体感ですが、50張は問題なく貼れる広さがありそうです。

もちろんキャンプ場にはトイレ・水場が完備されています。
トイレは洋式・ウォッシュレット完備の綺麗なタイプです。
トイレの手前には充電用コンセントまであります。(ただし盗難には要注意)

キャンプ場「ゆ~に」から徒歩3分の距離には日帰り温泉施設があります。
ちなみに、「ゆ~に」からさらに50分奧まで歩くと別のキャンプ場があるのですが、そちらには温泉はありません。
温泉を取るなら前者、登山のコースタイム短縮を取るなら後者のキャンプ場が良いでしょう。
夕食と買い出し

フェリーターミナルの近くまで戻ってきました。
居酒屋「力丸」さんにて夕食を取ります。

地元のうにを食します。美味。
もうすでに満足です。
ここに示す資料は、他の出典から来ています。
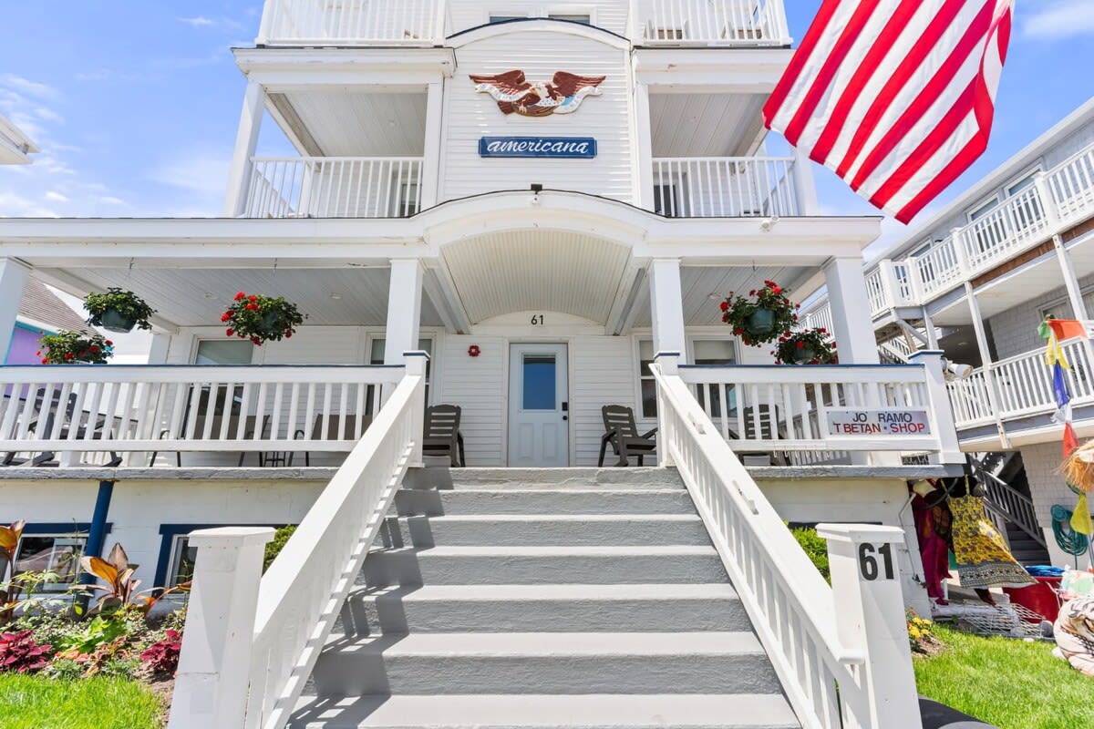 Welcome to "The Americana" at Hampton Beach - a perennial favorite in the heart of the action. Steps from the beach, arcades, mini-golf, Seashell Stage, Casino Ballroom & more. Perfectly situated at the beginning of "the strip." Your unforgettable beachside escape awaits! "The Porch" is located right at the beginning of the boardwalk, just steps from the sandy shores of Hampton Beach!

山に登らなくてもいい。

北海道を席捲しているコンビニ・セイコーマート利尻店へとやってきました。

セイコーマート利尻店では、弁当やおにぎり・パンの他にアルファ米を購入可能です。

ガス缶も購入可能です。
飛行機で利尻島に来る場合、飛行機内にガス缶を持ち込むことはできません。
ここで購入すると良いでしょう。
登山開始~8合目・長官記念碑まで

翌朝になりました。朝4時から登山を開始します。
コースタイムが10時間以上かかることと、フェリーの最終出発時刻が16時40分であることを考慮すると、朝4時に出発するのがよいと考えたからです。

自然休養林北麓野営場へとやってきました。
雑草の種を持ち込まないように、靴の底を水で洗います。

鴛泊(おしどまり)コースの登山口に到着しました。
ちなみに、利尻山にはもう1つ沓形(くつがた)コースがありますが、こちらは一部の道が崩落しているため、あまりオススメはできません。

甘露泉水(かんろせんすい)へとやってきました。
ここが最終給水地点になります。必要な水をここで汲んでいきます。

キャンプ場の水よりもはるかに美味しい水です。

登山道は全体的に整備されており、とても歩きやすいです。

今はちょうど高山植物の時期です。
こちらはクルマユリ。

5合目・雷鳥の道しるべに到着しました。
ちなみに、利尻島には雷鳥は生息していません。
「かつて利尻島の登山道を開拓する際に、雷鳥が頂上まで案内をしてくれた」との逸話に由来しているそうです。


高山植物がたくさん咲いています(名前がわからないからごまかす)

周囲を厚いガスが覆っており、展望は皆無です。
登山道で会った地元の方によると「今日は北風だから晴れる可能性がある。南風だと絶対に晴れない」とのことです。
さて、果てして晴れることはあるのでしょうか。先に進みます。

エゾノハクサンイチゲ?の群生です。

相変わらず周囲はガスに包まれています。

利尻山中にはトイレが無い代わりに、携帯トイレブースが数か所設置されています。
自分で持参した携帯トイレを、簡易便座に設置して用を足せる、というシステムです。使い終わった携帯トイレは登山口のゴミ箱に廃棄することが可能です。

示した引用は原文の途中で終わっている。